Valentine told his story about the printers and the copy for the
_Cheapside_ magazine, about which there had arisen some absurd mistake,
only to be set right by a telegram.

It was not a very clear account; but Charlotte did not perceive the
vagueness of the story; she thought only of the one fact, that Valentine
must leave her for some hours.

"The evening will seem so long without you," she said. "That is the worst
part of my illness; the time is so long--so weary. Diana is the dearest
and kindest of friends. She is always trying to amuse me, and reads to me
for hours, though I know she must often be tired of reading aloud so
long. But even the books I was once so fond of do not amuse me. The words
seem to float indistinctly in my brain, and all sorts of strange images
mix themselves up with the images of the people in the book. Di has been
reading "The Bride of Lammermoor" all this morning; but the pain and
weariness I feel seemed to be entangled with Lucy and Edgar somehow, and
the dear book gave me no pleasure."

"My darling, you--you are too weak to listen to Diana's reading. It is
very kind of her to try to amuse you; but--but it would be better for you
to rest altogether. Any kind of mental exertion may help to retard your
recovery."

He had placed himself behind her chair, and was bending over the pillows
to speak to her. Just now he felt himself unequal to the command of his
countenance. He bent his head until his lips touched the soft brown hair,
and kissed those loose soft tresses passionately. The thought occurred to
him that a day might come when he should again kiss that soft brown hair,
with a deeper passion, with a sharper pain, and when Charlotte would not
know of his kisses, or pity his pain.

"O Valentine!" cried Charlotte, "you are crying; I can see your face in
the glass."

He had forgotten the glass; the little rococo mirror, with an eagle
hovering over the top of the frame, which hung above the old-fashioned
chiffonier.

"I am not so very ill, dear; I am not indeed," the girl continued,
turning in her chair with an effort, and clasping her lover's hands; "you
must not distress yourself like this, Valentine--dear Valentine! I shall
be better by-and-by. I cannot think that I shall be taken from you."
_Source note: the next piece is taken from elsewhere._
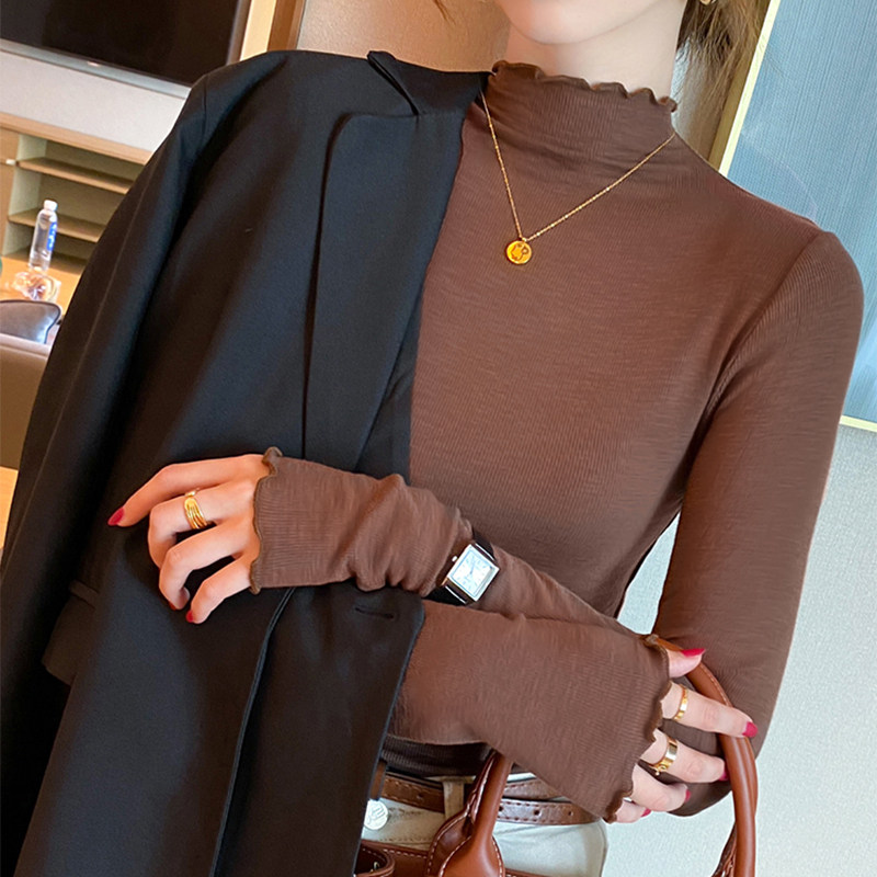 高端洋气灰色木耳边磨毛上衣 爆款 半高领打底衫 女内搭秋冬2025新款

He had broken down altogether by this time. He buried his face in the
pillows, and contrived to stifle the sobs that would come; and then,
after a sharp struggle, he lifted his face, and bent over the chair once
more to kiss the invalid's pale upturned forehead.

"My dear one, you shall not, if love can guard and keep you. No, dear,
I _cannot_ believe that God will take you from me. Heaven may be your
fittest habitation; but such sweet spirits as yours are sorely needed
upon earth. I will be brave, dearest one; brave and hopeful in the
mercy of Heaven. And now I must go and telegraph to my tiresome
printer. _Au revoir_!"

He hurried away from the farmhouse, and started at a rattling pace along
the pleasant road, with green waving corn on his left, and broad blue
ocean on his right.

"I can get a fly to bring me back from St. Leonard's" he thought; "I
should only lose time by hunting for a vehicle here."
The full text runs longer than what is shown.